▶ [Entries taken from a collection]
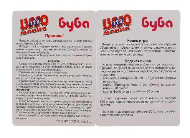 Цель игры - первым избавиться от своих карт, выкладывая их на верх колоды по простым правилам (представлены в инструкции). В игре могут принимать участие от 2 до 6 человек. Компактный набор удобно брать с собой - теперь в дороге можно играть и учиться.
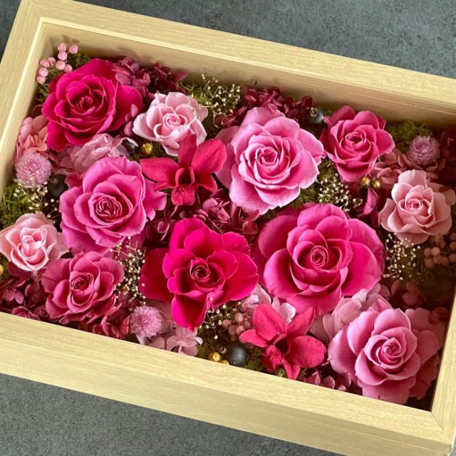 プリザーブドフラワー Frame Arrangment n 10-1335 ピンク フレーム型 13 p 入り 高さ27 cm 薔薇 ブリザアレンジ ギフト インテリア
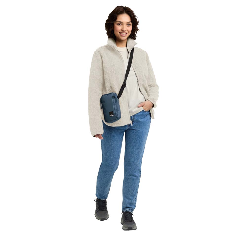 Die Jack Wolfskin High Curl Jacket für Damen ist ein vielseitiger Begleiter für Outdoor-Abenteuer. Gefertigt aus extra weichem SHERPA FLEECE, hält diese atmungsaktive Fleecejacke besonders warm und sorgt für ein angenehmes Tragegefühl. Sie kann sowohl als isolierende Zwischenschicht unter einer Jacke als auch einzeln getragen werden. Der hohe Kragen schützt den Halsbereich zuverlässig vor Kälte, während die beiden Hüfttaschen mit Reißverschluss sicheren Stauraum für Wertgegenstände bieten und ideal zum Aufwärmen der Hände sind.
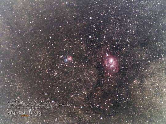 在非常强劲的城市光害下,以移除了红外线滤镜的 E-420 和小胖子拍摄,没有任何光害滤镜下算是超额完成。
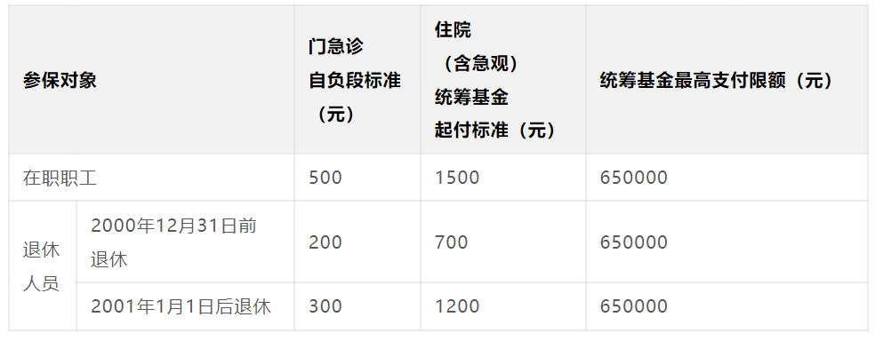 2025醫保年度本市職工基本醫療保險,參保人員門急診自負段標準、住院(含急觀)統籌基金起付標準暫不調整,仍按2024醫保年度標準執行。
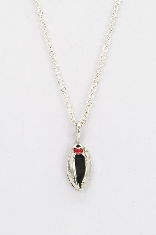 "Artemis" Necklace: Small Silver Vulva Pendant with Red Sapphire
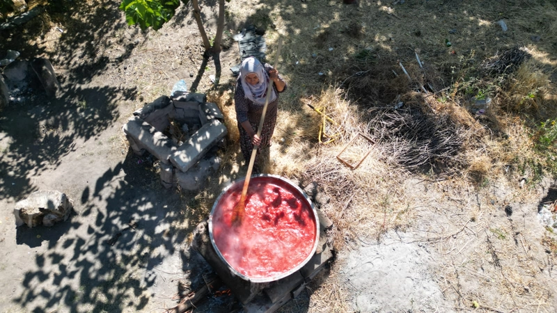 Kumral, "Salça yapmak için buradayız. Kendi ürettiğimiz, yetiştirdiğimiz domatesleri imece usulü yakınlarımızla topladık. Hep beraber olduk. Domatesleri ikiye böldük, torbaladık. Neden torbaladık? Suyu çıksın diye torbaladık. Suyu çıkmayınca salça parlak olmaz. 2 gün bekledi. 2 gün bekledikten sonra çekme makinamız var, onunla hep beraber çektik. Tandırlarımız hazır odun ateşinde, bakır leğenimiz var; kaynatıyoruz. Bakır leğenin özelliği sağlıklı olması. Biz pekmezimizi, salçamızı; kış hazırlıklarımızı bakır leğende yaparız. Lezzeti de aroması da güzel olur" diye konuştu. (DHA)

▶ [ASSIGNED TASK]
The copy you output must match the entries above exactly, except that it has no pictures.

▶ [RESULT OF THIS TASK]
 Цель игры - первым избавиться от своих карт, выкладывая их на верх колоды по простым правилам (представлены в инструкции). В игре могут принимать участие от 2 до 6 человек. Компактный набор удобно брать с собой - теперь в дороге можно играть и учиться.
 プリザーブドフラワー Frame Arrangment n 10-1335 ピンク フレーム型 13 p 入り 高さ27 cm 薔薇 ブリザアレンジ ギフト インテリア
 Die Jack Wolfskin High Curl Jacket für Damen ist ein vielseitiger Begleiter für Outdoor-Abenteuer. Gefertigt aus extra weichem SHERPA FLEECE, hält diese atmungsaktive Fleecejacke besonders warm und sorgt für ein angenehmes Tragegefühl. Sie kann sowohl als isolierende Zwischenschicht unter einer Jacke als auch einzeln getragen werden. Der hohe Kragen schützt den Halsbereich zuverlässig vor Kälte, während die beiden Hüfttaschen mit Reißverschluss sicheren Stauraum für Wertgegenstände bieten und ideal zum Aufwärmen der Hände sind.
 在非常强劲的城市光害下,以移除了红外线滤镜的 E-420 和小胖子拍摄,没有任何光害滤镜下算是超额完成。
 2025醫保年度本市職工基本醫療保險,參保人員門急診自負段標準、住院(含急觀)統籌基金起付標準暫不調整,仍按2024醫保年度標準執行。
 "Artemis" Necklace: Small Silver Vulva Pendant with Red Sapphire
 Kumral, "Salça yapmak için buradayız. Kendi ürettiğimiz, yetiştirdiğimiz domatesleri imece usulü yakınlarımızla topladık. Hep beraber olduk. Domatesleri ikiye böldük, torbaladık. Neden torbaladık? Suyu çıksın diye torbaladık. Suyu çıkmayınca salça parlak olmaz. 2 gün bekledi. 2 gün bekledikten sonra çekme makinamız var, onunla hep beraber çektik. Tandırlarımız hazır odun ateşinde, bakır leğenimiz var; kaynatıyoruz. Bakır leğenin özelliği sağlıklı olması. Biz pekmezimizi, salçamızı; kış hazırlıklarımızı bakır leğende yaparız. Lezzeti de aroması da güzel olur" diye konuştu. (DHA)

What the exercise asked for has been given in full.